Debord menciona que, na sociedade do espetáculo, a cisão entre qualidade e

quantidade não existe, o importante é o que mais aparece, sendo que não é

feito exame qualitativo do seu conteúdo. Assim, se fez sucesso e caiu na

“graça” do espetáculo, é porque é bom, e o oposto também é verdadeiro: se

é bom, é porque fez sucesso (DEBORD, 1997, p. 16).
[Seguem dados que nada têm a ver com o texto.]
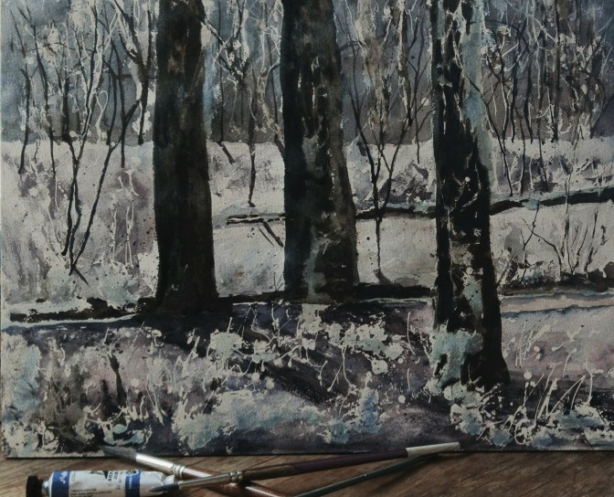 I will come home and eat something. I will then try a woods scene again. Maybe a home or barn with people or animals. I never know what direction a piece will go in.
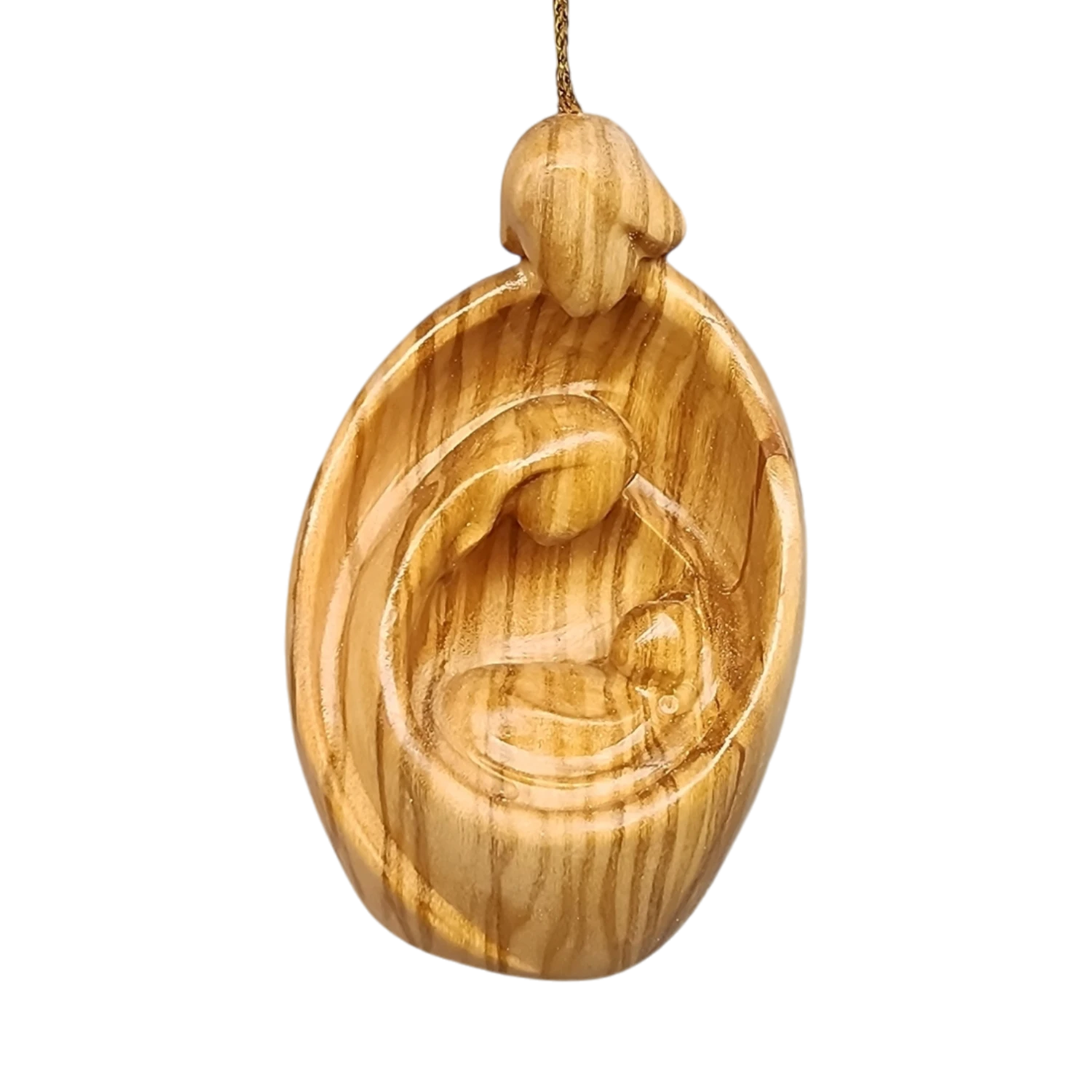 Presenting our beautifully crafted “Holy Family” nativity ornament, hand-carved from exquisite Olive wood in Italy. This stunning piece features an intricate depiction of Mary, Joseph, and Baby Jesus, capturing their serene and loving essence within a sleek, oval-shaped frame.

O empobrecimento, a subordinação e a negação da vida real é estampada

pelo espetáculo, sendo que o consumo – aqui entendido como inserção do

desejo e não da necessidade nas pessoas - serve a esta sociedade do

espetáculo, pois sem o espetáculo não há que se falar em consumismo.

A sociedade do espetáculo opera um desejo de “pseudo bens a desejar”

(DEBORD, 1997, p. 38), ou seja, o consumo contemporâneo oferece a todo

instante pseudo bens, por meio da informação, notadamente da publicidade,

assim, o desejo vivo fica submisso ao “artificial ilimitado” (DEBORD, 1997,

p. 38), já que toda mercadoria é apresentada como fundamental e como

novidade para o consumidor. “O consumo da televisão apresenta-se mais

como um hábito que como a expressão de uma escolha individual

deliberada” (LIPOVETSKY, 2004, p. 75).

Assim, verifica-se a falsificação da realidade e a perversidade do mercado

de consumo que impõe padrões artificiais de conduta aos sujeitos. “Cada

nova mentira da publicidade é também a confissão da mentira anterior”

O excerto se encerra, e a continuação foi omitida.